Ian O'Doherty: And the magic word is ... ARRRGGHHH!
One of the things I most enjoyed about last week was sniffily informing my mates and colleagues that Leonard Cohen is overrated.
As it happens, I don't think Leonard Cohen is overrated at all. In fact, I admire him hugely.
But the sheer levels of adoration being directed towards him by everyone I know became rather grating, so you know yourself, I decided to have some fun at their expense.
One of the arguments I used was that he simply appealed to a particularly middle-class audience, the kind of eejits who boast about bringing their hideous offspring to the Electric Picnic -- that sort of thing.
And, as it turns out, I might not have been far off the truth.
Herald movie critic George Byrne went to Cohen on Friday night.
Like me, he wouldn't be a fan of little people -- children, not midgets, you idiots -- going to gigs and he spoke with a mixture of rage and bafflement about how, an hour into Cohen's three-and-a-half-hour set, the entire block he was sitting in was shocked to hear a baby crying.
What sort of person would bring a child to a gig like that, he whined into his pint.
When I pointed out that maybe it was someone's ringtone, he looked aghast and spluttered: "A baby crying as your ringtone? What class of a person would do something like that? Jesus, the world's gone mad."
Well, I guess there's no pleasing some people.
Really? You sure about that?
As the row over the publication of the extremely boring topless pictures of Kate Middleton (you may have heard about it) rumbles on interminably, there has been the usual hand-wringing and debating.
And I was interested in what one commentator had to say.
The pictures were soft porn, she claimed, and were obviously directed at men because men like porn.
The insinuation was that men were sex-obsessed morons and . . . well, I can't really make an argument against that point.
But as for the insinuation that only men get off on porn, I have one question -- what is Fifty Shades of Grey about? Knitting? Shopping for shoes? Other girly pursuits?

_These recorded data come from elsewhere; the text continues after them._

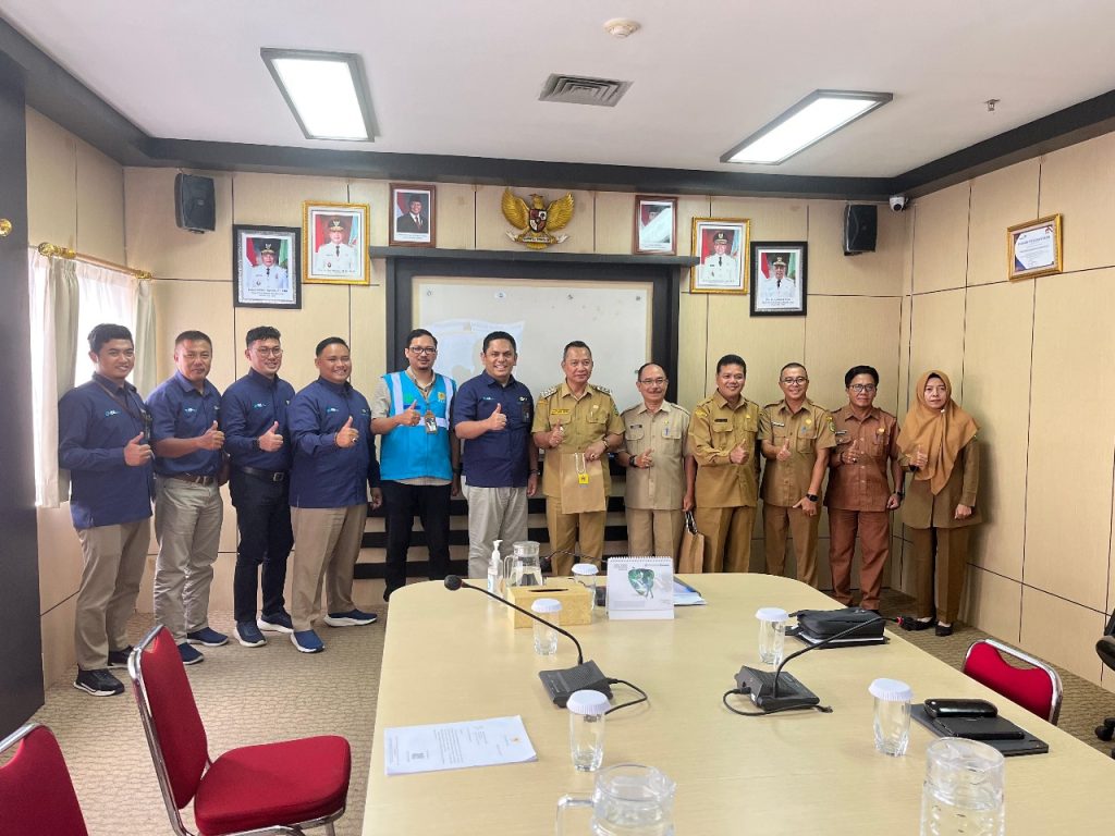 Manajer PLN UP2K Khatulistiwa Danny Baharaja Pasaribu, (keenam dari kiri) dan tim, foto bersama Bupati Bengkayang Sebastianus Darwis, S.E., M.M., (keenam dari kanan) dan Jajaran di Ruang Rapat Kantor Bupati Bengkayang.(FOTO/DOK/PLN)
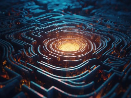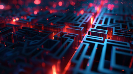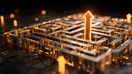 Explore an intricate abstract maze design illuminated by glowing arrows. This image symbolizes progress and innovation, perfect for technology and business themes.
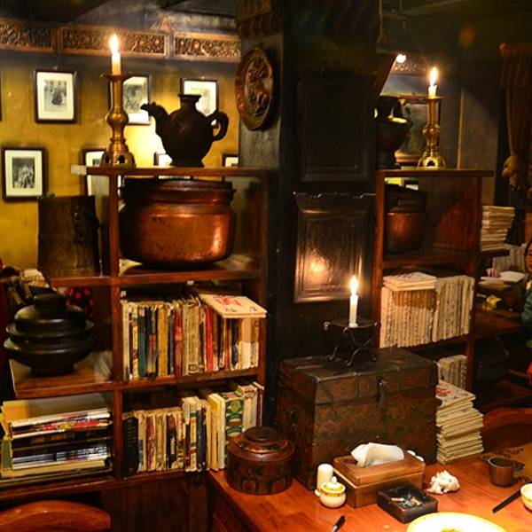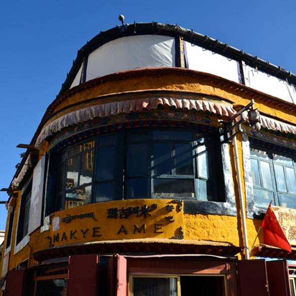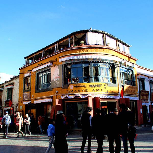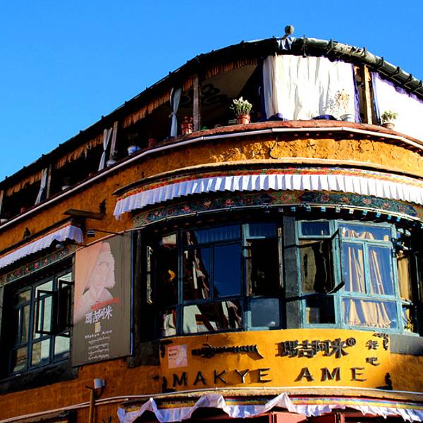 在拉萨有很多的茶馆,这是普通百姓最常去的地方,也是人们休闲聊天聚会的场所,在八廓街最好的喝茶发呆的地方,那就是“玛吉阿米”了。玛吉阿米这个黄色小楼在八廓街的东南角,有着浓郁的藏式风格,这里虽然装修...在拉萨有很多的茶馆,这是普通百姓最常去的地方,也是人们休闲聊天聚会的场所,在八廓街最好的喝茶发呆的地方,那就是“玛吉阿米”了。玛吉阿米这个黄色小楼在八廓街的东南角,有着浓郁的藏式风格,这里虽然装修过多次,但给人的感觉总是那么的古朴,黄色的外墙上玛吉阿米的画像带着忧伤的神情,让人看了不免同情和迷恋。玛吉阿米餐吧中各个角落都有藏式家具、古董和各种装饰品,很多物品还都是年代久远的古物。这里因为位置好外国人多,所以消费并不便宜,在吃饭的时候会有每人最低消费68元,一般人均价格在80元左右,但如果不挑拣的话可以要一壶20元的酥油茶慢慢喝,50元也可以吃饱的,但我想更多人来这里并不是为了吃,而是为了追寻那段美好的回忆。这里二楼在晚上还经常会有藏民的演出,三楼的露天楼顶也可以上去,平台上也是拍摄八廓街街景的好地方。
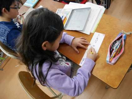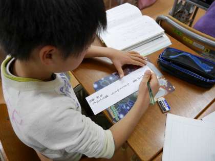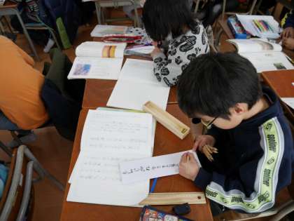 3年生の国語では俳句について学習しています。俳句は、日本で昔から作られている短い詩ですね。5・7・5で作ります。子どもたちも自分たちでつくって、カードに清書しています。「もみじの葉 ひらひらひらり 落ちていく」と、なかなか感性ゆたかな俳句をつくっていました。よく季節やものごとを見たり感じないとつくれませんね。なにげない日常の生活や風景に目をむけてみましょう。
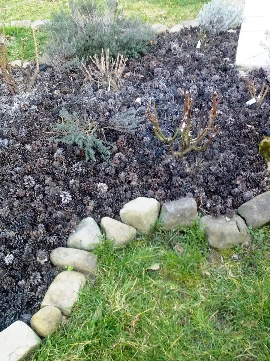З рожевими клумбочками трохи інакше: викопуємо ямки і висаджуємо рожеві кущики, весь простір навколо застилаємо папером у кілька шарів або картоном і засипаємо травою. Після підсихання трави укладаємо зверху соснові шишки, постачальником яких є доросла сосна, що росте на ділянці. Протягом сезону все в такому вигляді залишається.
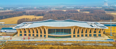 我国在建最北高铁站伊春西站,站房外部装饰装修建设10月25日正式竣工,将进入站房内部装修施工阶段,标志着在建最北高铁哈(尔滨)伊(春)高铁建设取得新进展。伊春西站外观在配色、结构和装饰上融入小兴安岭、松花江、红松等元素,展现地域文化特色。图为伊春西站建设现场。
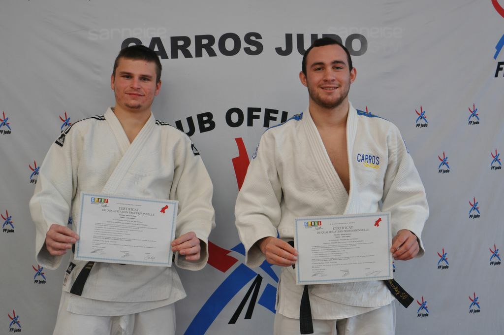 Malgré une saison 2019/2020 bien perturbée par la COVID 19, deux de nos jeunes judokas, Clément LE ROY 20 ans CN 2 ème DAN et Lorenzo SANCHEZ 23 ans CN 2ème DAN, se sont investis durant toute la saison afin de suivre une formation pour obtenir le diplôme de moniteur d’Arts Martiaux (CQP) qu’ils ont obtenu avec succès, ce qui leur permet à présent de donner des cours de judo sous le contrôle de leur directeur technique Jérôme TORZUOLI CN 3ème DAN. Le club est très heureux de compter parmi ses licenciés, deux nouveaux professeurs qui pourront, dans l’avenir, prendre le relais quand le moment sera venu. Félicitations à ces deux garçons et bonne continuation pour leur carrière de Judoka.
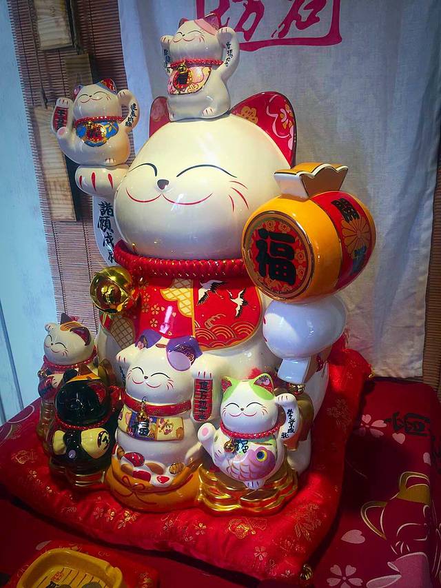 在啊柑姨芋圆店对面的转卖招财猫的小萌店(具体名字不记得啦)买了只小萌猫,暴照一张
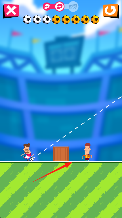 3、关卡出现木箱等新障碍,按箭头指引规划射门路线,借助反弹、碰撞,突破阻碍,完成射门。
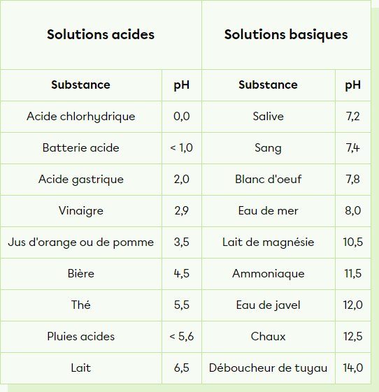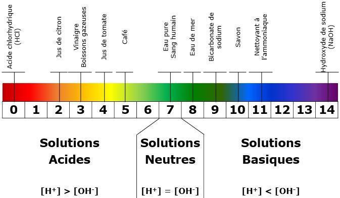 L’échelle pH est divisée en échelons de 0 à 14, 0 étant le degré d’acidité le plus élevé alors que 14 est le degré d’acidité le plus faible.
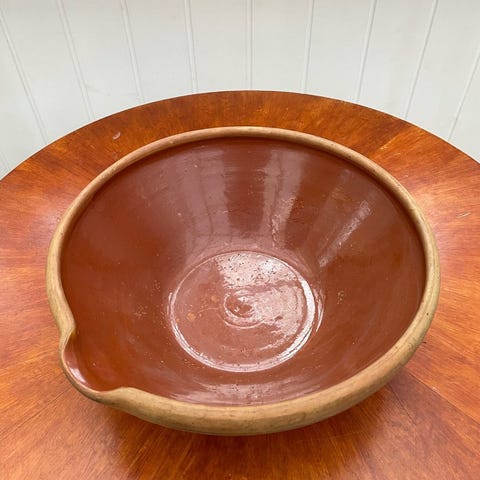Dejfad i keramik. Brugt få gange. Har et lille skår på kanten. Det lyse mærke i bunden er under glasuren. Kan rumme 3 liter. Dia: 31,5 cm. H: 11 cm.
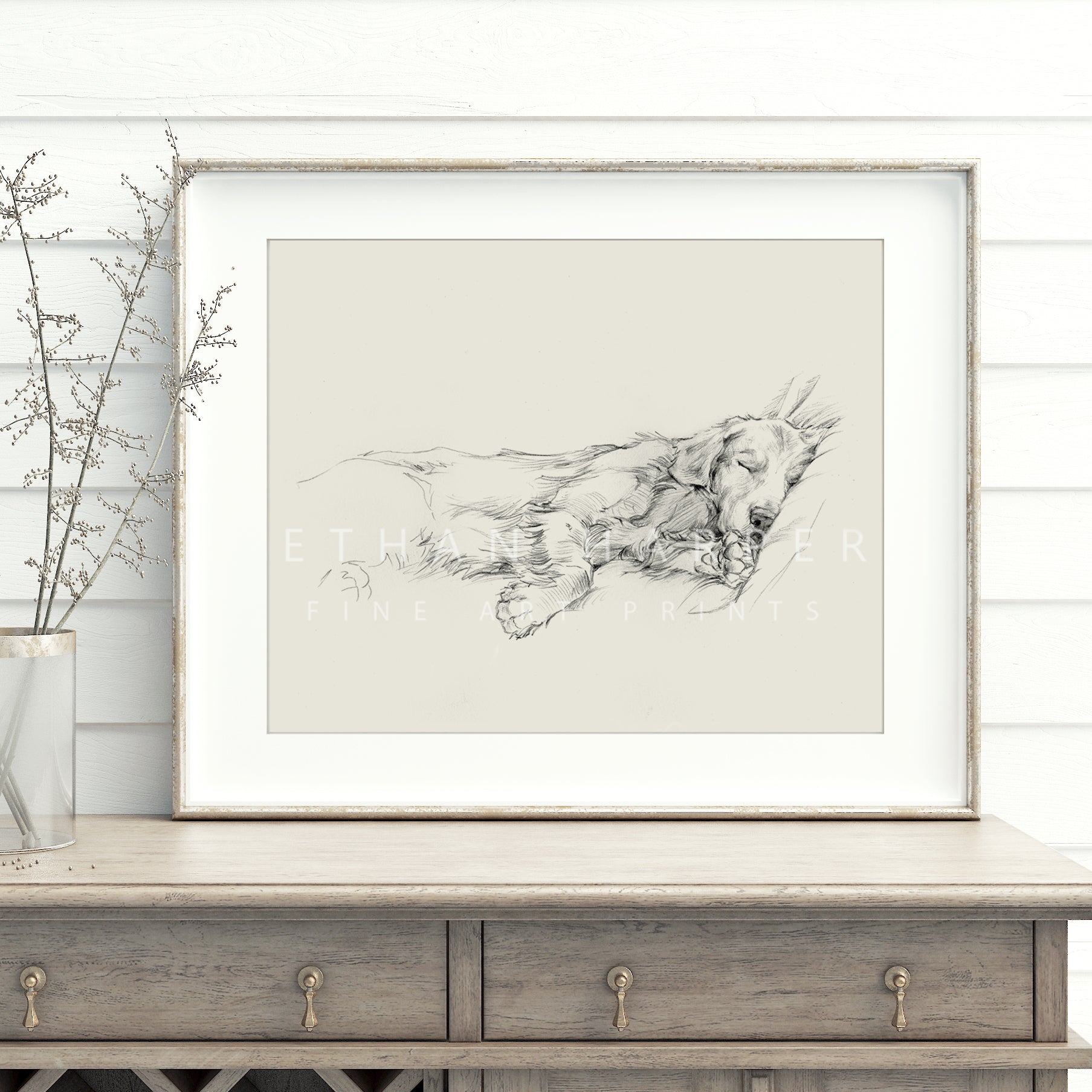This print, titled “Dog Days”, features an adorable pencil sketch of a dog doing what dogs do best; napping the day away! This is an Open Edition print of an original pencil drawing by artist Ethan Harper

Right, he's out of the gang . . .
A mate of mine who happens to be gay -- it's not something that defines him, he says, it's just one aspect of his nature -- is constantly frustrated at how other gay people want to co-opt him to various causes.
And it would appear that Rupert Everett feels the same way.
The actor has fallen foul of the gay rights lobby after he gave an interview in The Sunday Times in which he decried the idea of having two gay parents, saying that his mother thinks children should have a man and woman as parents, and he added that: "I can't think of anything worse than having two gay parents. That's just my opinion."
This has sparked outrage with numerous gay rights groups such as GLAAD (Gay & Lesbian Alliance Against Defamation) condemning him for his "outdated opinions" while other groups have had a right go at him and demanded that he go out and meet gay parents and their happy kids.
Um, guys, guys, a quick question -- what part of the phrase "that's just my opinion" don't you understand?
After all, it's not as if gay people have some secret meeting every week where they set the agenda for how they all feel.
Or -- cue sinister music -- do they?
After all, can a gay person like Everett be anti-gay?
Answers on the back of a fiver to the usual address.
Actually, I'm completely skint, so make that answers on the back of a tenner to the usual address, please.
A sad loss
Part of mine and Mrs iSpy's weekend routine involves recording the Sunday Supplement on Sky, then watching it just before a match while a nice roast is in the oven.
It's a comforting part of winter and the round-table discussion between the football writers is always informative and entertaining -- and when Henry Winter and Shaun Custis are on together, also quite heated.
It was hosted up until last year by Brian Woolnough (pictured), who was an engaging and hugely knowledgeable figure in the game.
He began to lose weight almost in front of our eyes last year and didn't return for this season.
He died yesterday of bowel cancer and will be missed.
God help us if there's war . . .
When you think of German soldiers, you tend to think of pretty unpleasant things, or have I just been watching the Military channel too much?
But when you think of them, timidity wouldn't be a trait that immediately springs to mind.
But it seems they don't make them like they used to.
German squaddies in Munster have been reprimanded by their sergeant -- after they refused to do night training because of a pack of
"They sneak up on us without any sound and try to bite us," says one soldier, while another was disciplined because "he squealed during the night training mission and gave his position away".
Honestly, the SS would be so ashamed.